Rich Lowry (Enough said, but open for discussion anyway)
2004 might turn out to be the year when blacks began their journey in the liberal imagination from perpetual victims of bigotry to "bigots" themselves. The left has always forgiven the black community a lot -- its religiosity, with which Jerry Falwell could feel comfortable; its retrograde views on abortion and school prayer; its hostility to gay rights.
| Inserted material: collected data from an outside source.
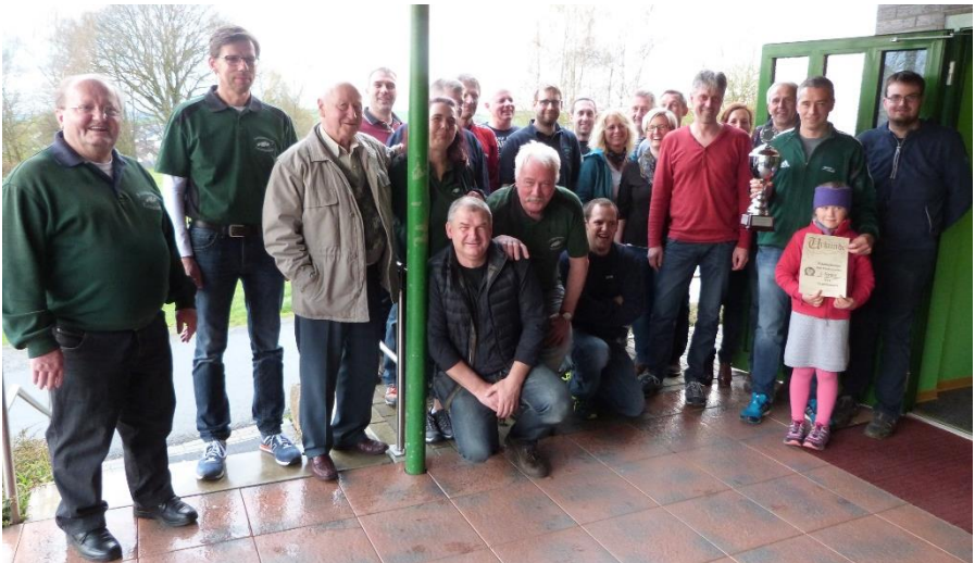
Sieger und Teilnehmer des diesjährigen Ortspokalschießens nach der Siegerehrung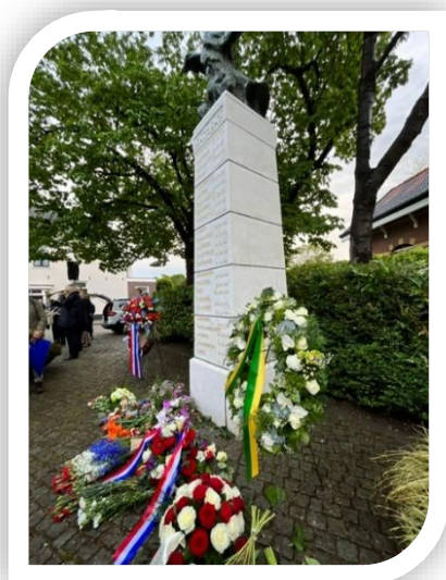
4 mei: Dodenherdenking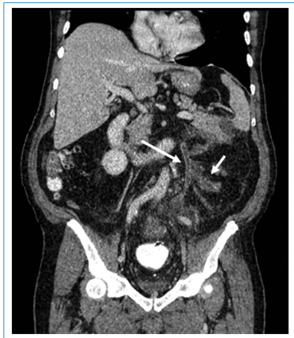
Figura 4. Reconstrucción coronal de TC de abdomen contrastada. Se visualiza una imagen hipodensa en el interior de la vena mesentérica inferior (flecha larga) y la vena cólica izquierda (flecha corta), asociado a un aumento de sus diámetros y marcados cambios inflamatorios de la grasa mesentérica periférica.

el ángulo esplénico del colon, se le efectuó hemicolectomía izquierda con creación de colostomía terminal y luego tratamiento con antibióticos y anticoagulantes en sala. Cursó con evolución clínica satisfactoria.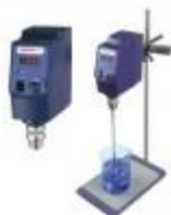
Agitador Mezclador De Propela Dlab Código: PRO1004074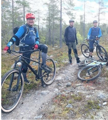
MTB på Idre fjäll

20 deltagare hängde på 4 ledardagar i Särna, Dalafjällen och bodde på Knappgården. 3 olika aktiviteter erbjöds såsom vandring, kajak och MTB. Värdskap, väder, mat, boende och aktiviteterna var mycket bra. Spelmän från trakten underhöll och berättade om den lokala musiktraditionen.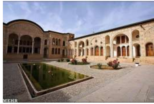
تصویر شماره ۱: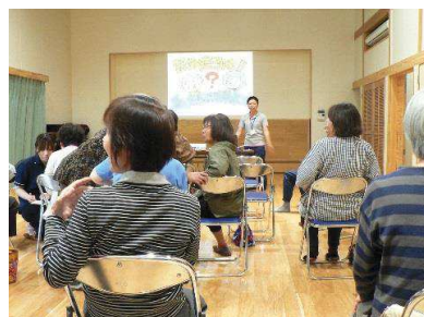
認知症予防について②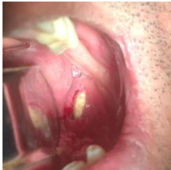
Figura 02. Sialolito gigante de coloração amarelada erodindo mucosa de assoalho bucal.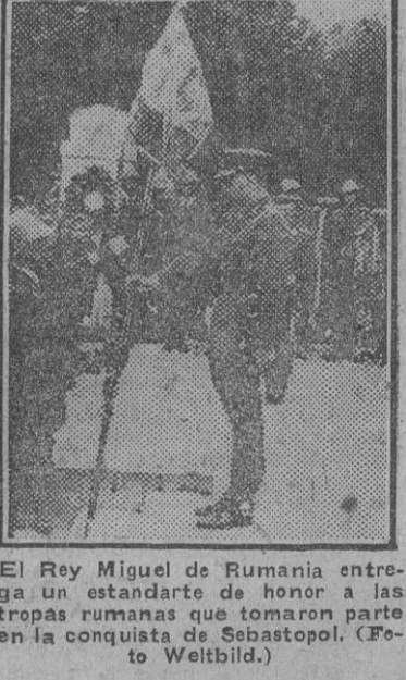
El Rey Miguel de Rumania entrega un estandarte de honor a las tropas rumanas que tomaron parte en la conquista de Sebastopol.

ROMA, 2. (S. E. T.).—Se ha comprobado en el frente oriental la eficacia absoluta de los equipos de invierno de la aviación italiana. Los aparatos italianos han participado en las operaciones en los últimos días con estos equipos especiales. Incluso en las temperaturas de 25 grados bajo cero, los aviones italianos realizan vuelos completamente normales. Cada aparato está provisto de estufas especiales para calentar los depósitos de esencia y de agua, además de unos dispositivos para evitar la congelación. Asimismo los aparatos para conducir agua caliente a los motores funcionan a la perfección. Se trata de patentes italianas que ya en los primeros ensayos dieron un resultado excelente. Las informaciones del frente revelan que ha causado gran sorpresa entre los Soviets el hecho de que los aviones italianos hayan actuado normalmente incluso con las temperaturas más bajas. En el invierno pasado, por el contrario, los aviones sólo pudieron despegar después de largos preparativos. Este año pueden elevar el vuelo en pocos minutos. También la intervención de los bombarderos italianos ha sorprendido a los bolcheviques, ya que éstos no esperaban la actividad aérea tan intensa en pleno invierno y no habían tomado las usuales medidas de precaución. (Efe.)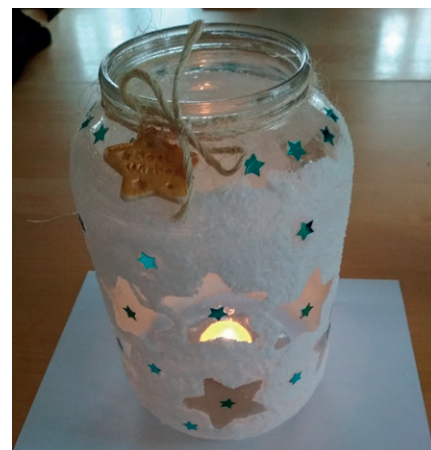
aktivita dětí – výroba lampiček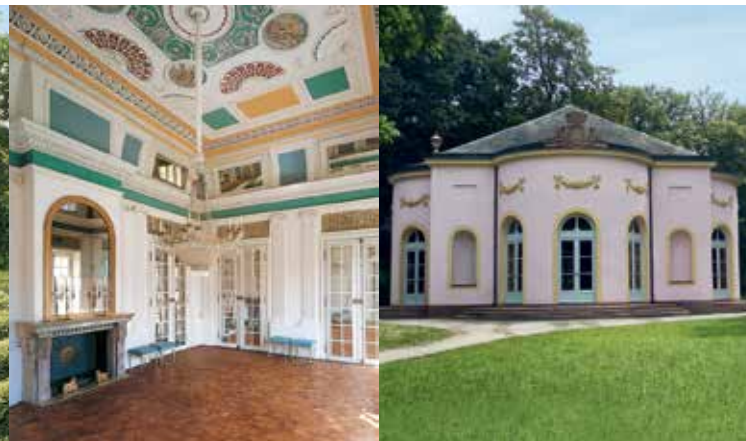
Saal im Schloss (li.); Speisesaal im Schlosspark (re.)

und Dörfchen, Speisesaal und Wirtschaftsgebäude sowie die künstlich aufgeschütteten »Berge« mit Aussichtsturm und Teufelsbrücke. Das klassizistische Gartenschloss, erbaut 1778 bis 1782 nach Plänen des Architekten Emanuel Joseph von Herigoyen, ist durch eine Blickachse mit dem Stadtschloss Johannisburg verbunden. Seine mit Mobiliar im Stil Louis-seize eingerichteten zehn Schauräume bieten ein anschauliches Beispiel fürstlicher Wohnkultur am Ende des 18. Jahrhunderts. Im Küchenbau des Parks befindet sich ein Besucherzentrum, das an den Wochenenden und an Feiertagen von April bis September geöffnet ist. Hier kann der Spaziergänger sich in einer Ausstellung über die facettenreiche Geschichte dieses bedeutenden Landschaftsgartens informieren. In dem dazugehörigen kleinen Blumengarten sind liebevoll gepflegte Blumenzpflanzungen zu sehen.

But now blacks just might have gone too far: They've started to vote Republican.
A pre-election survey by the well-respected Joint Center for Political and Economic Studies had President Bush's support among black voters going from 9 percent in 2000 to 18 percent in 2004. In that survey, Bush's support among black self-described evangelicals hit a stunning 36 percent. "We haven't seen a number like 36 percent anywhere in the black community in a generation," says conservative activist Richard Nadler, who has made it his business to win blacks to the GOP through targeted advertising and outreach.
The numbers fell off on Election Day. According to the exit polls, Bush's support among blacks nationally inched up only slightly from 9 percent in 2000 to 11 percent in 2004. But the kind of dramatic movement in the pre-election Joint Center survey showed up in the battleground states where the GOP invested the most resources to woo black voters. Bush went from 7 percent of the black vote in Florida in 2000 to 13 percent in 2004. In all-important Ohio, Bush's support among blacks rose from 10 percent to 16 percent.
"I have not found a single black precinct where Bush's vote went down from 2000," Nadler says. "It just went up everywhere." One Republican strategist predicts that the GOP share of the black vote will hit 30 percent within the next few election cycles. If it does, many religious black voters will be finding their appropriate home in a political environment defined by a cultural split over social issues.